GIVEN DATA
Segment Open
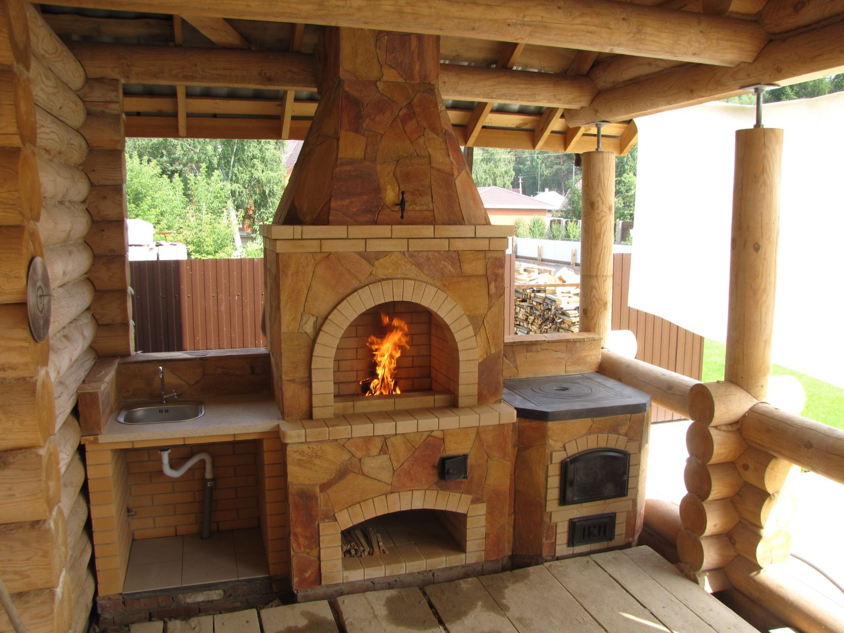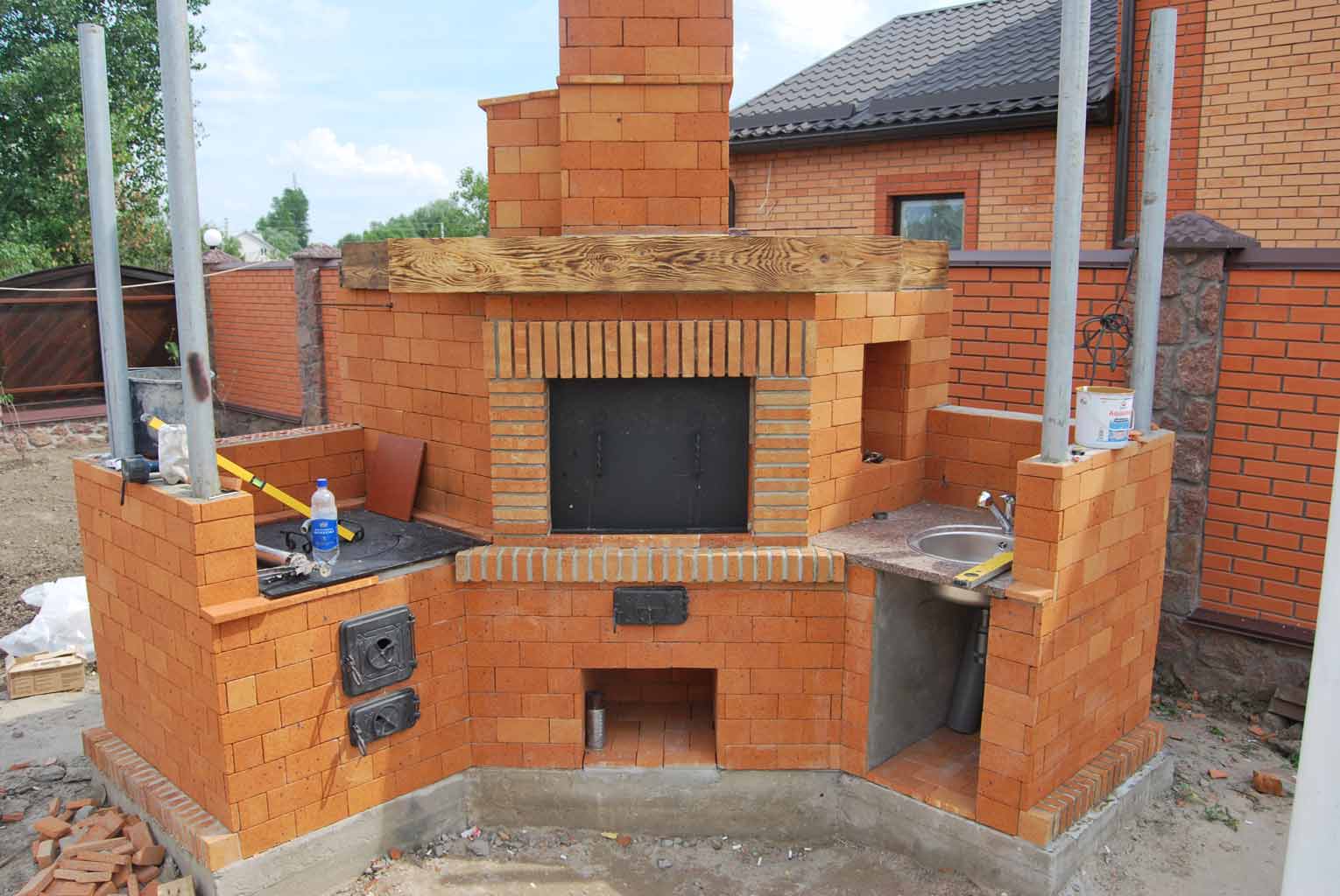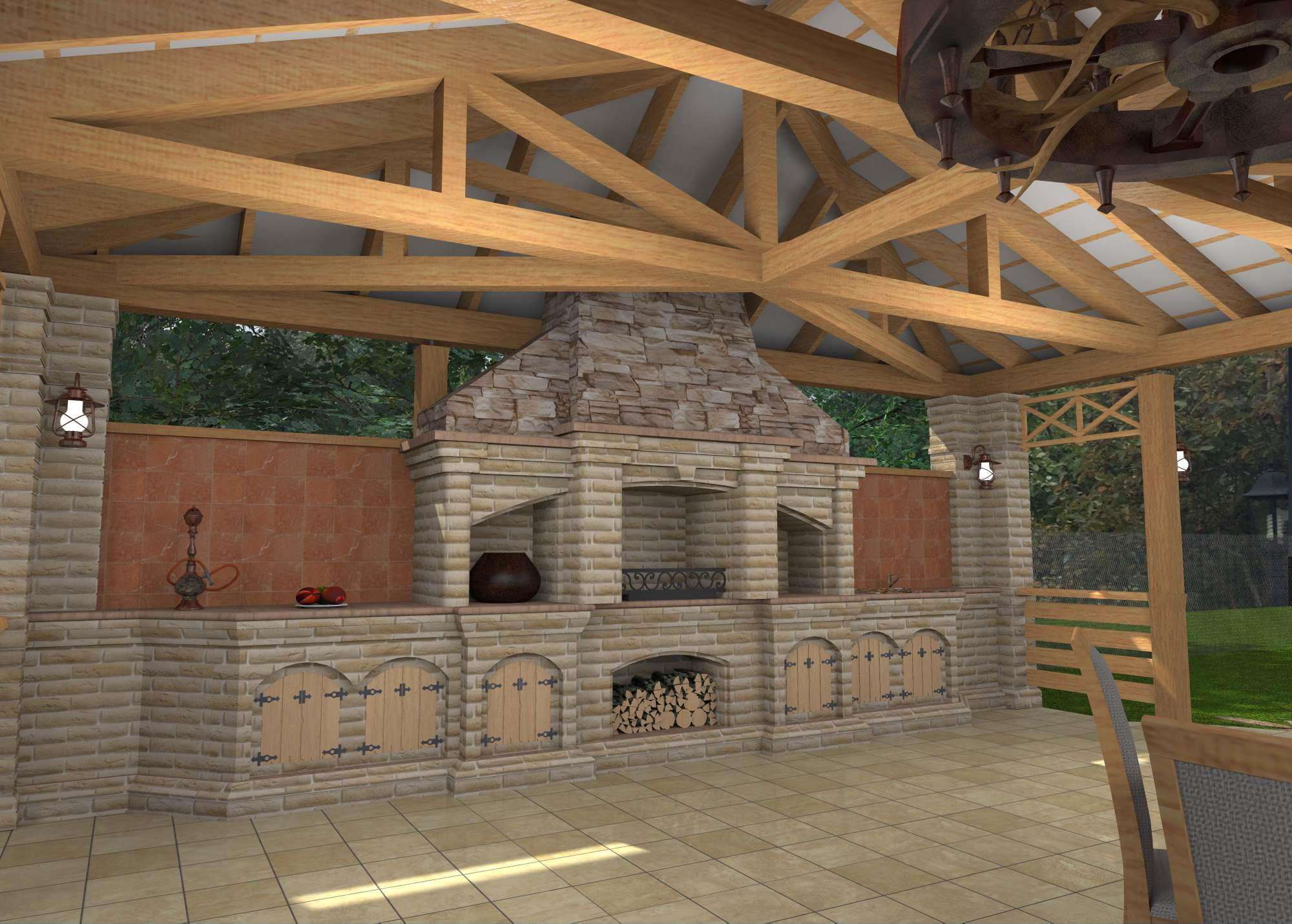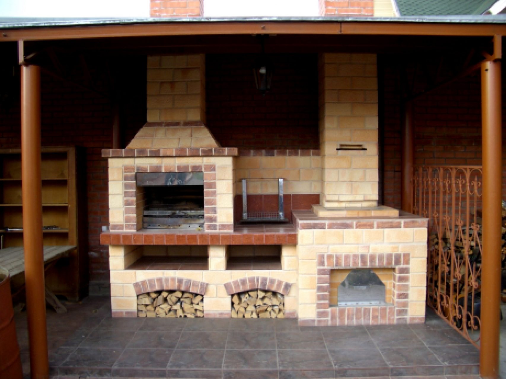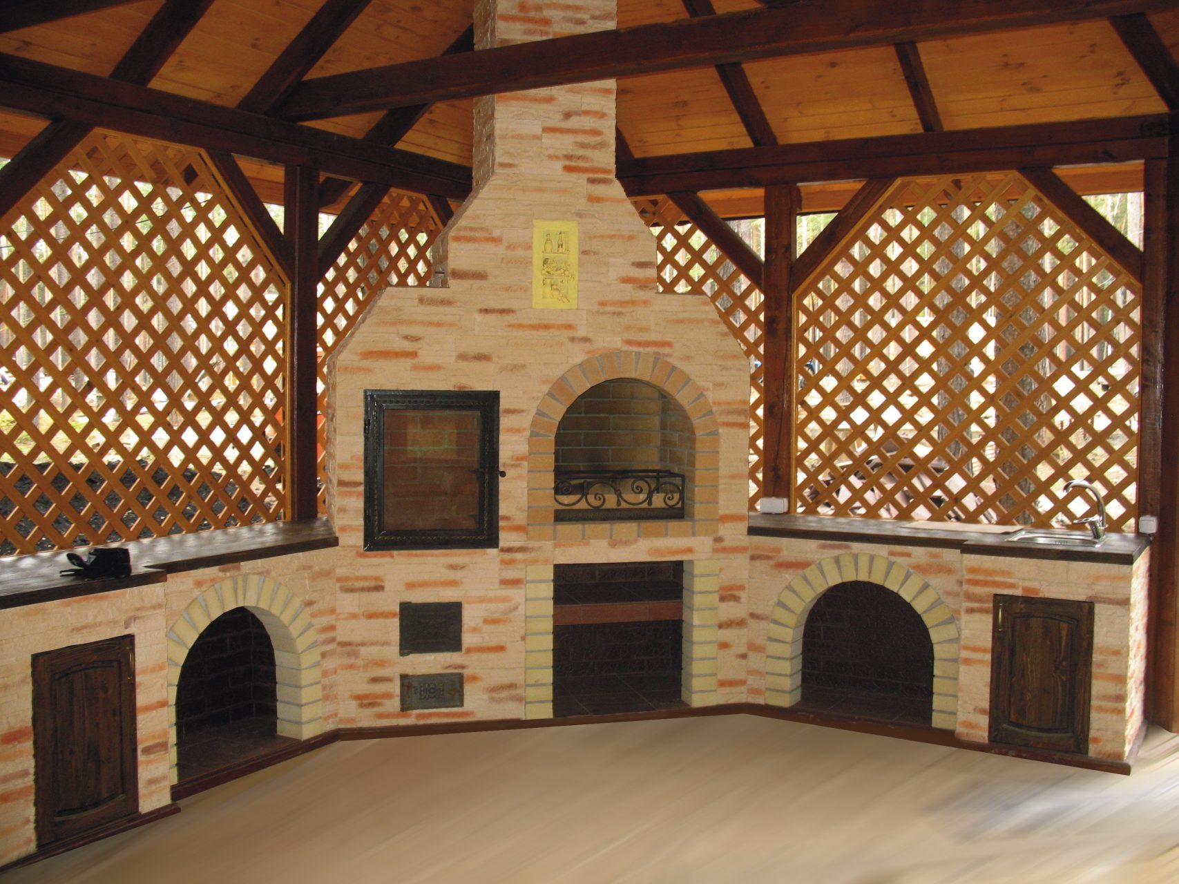 - Área de trabalho. Churrasco ou grill - muito simples, não faz sentido colocar um gazebo para eles. Mas a verdadeira lareira, fogão ou tandoor já é séria. Eles podem cozinhar não só carne, mas também pratos mais complexos. Se você tem um desejo, você pode até assar pão.
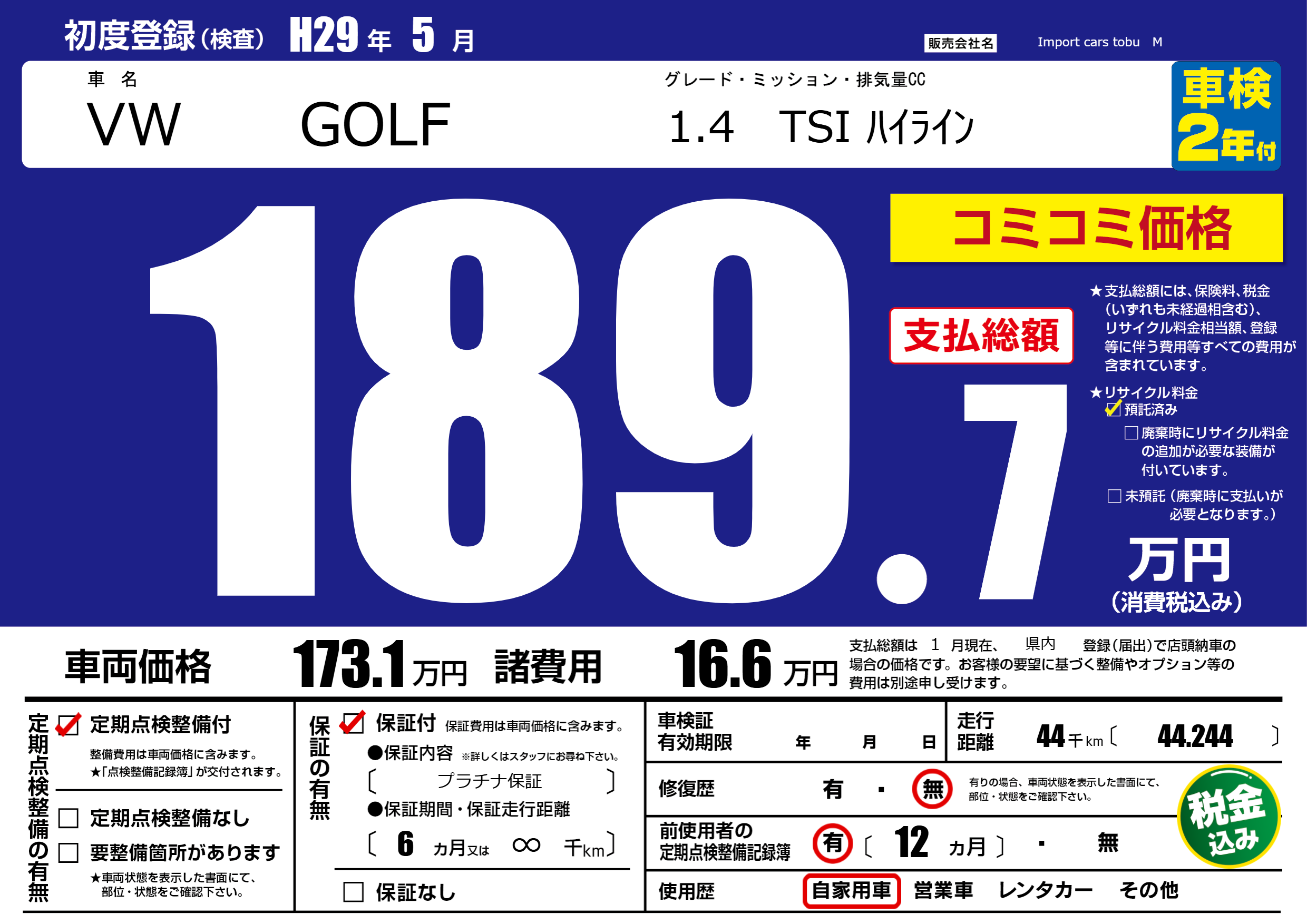 保証付き 保証内容( プラチナ保証) 6ヶ月または(∞)千kmまで |
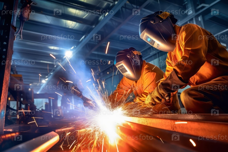 Сцена рабочих при сварке защитного оборудования и изготовлении металлических конструкций, мастерство в промышленной производственной среде
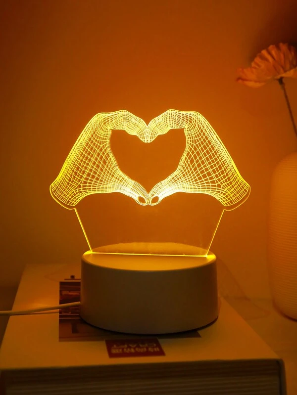 1pc Amber Remote Control Dual Hand Shaped Heart 3d Night Light & Gift Night Light
Segment Closed
EXERCISE AIM
Your copy should match the data above exactly, apart from the pictures.

WRITTEN SOLUTION
 - Área de trabalho. Churrasco ou grill - muito simples, não faz sentido colocar um gazebo para eles. Mas a verdadeira lareira, fogão ou tandoor já é séria. Eles podem cozinhar não só carne, mas também pratos mais complexos. Se você tem um desejo, você pode até assar pão.
 保証付き 保証内容( プラチナ保証) 6ヶ月または(∞)千kmまで |
 Сцена рабочих при сварке защитного оборудования и изготовлении металлических конструкций, мастерство в промышленной производственной среде
 1pc Amber Remote Control Dual Hand Shaped Heart 3d Night Light & Gift Night Light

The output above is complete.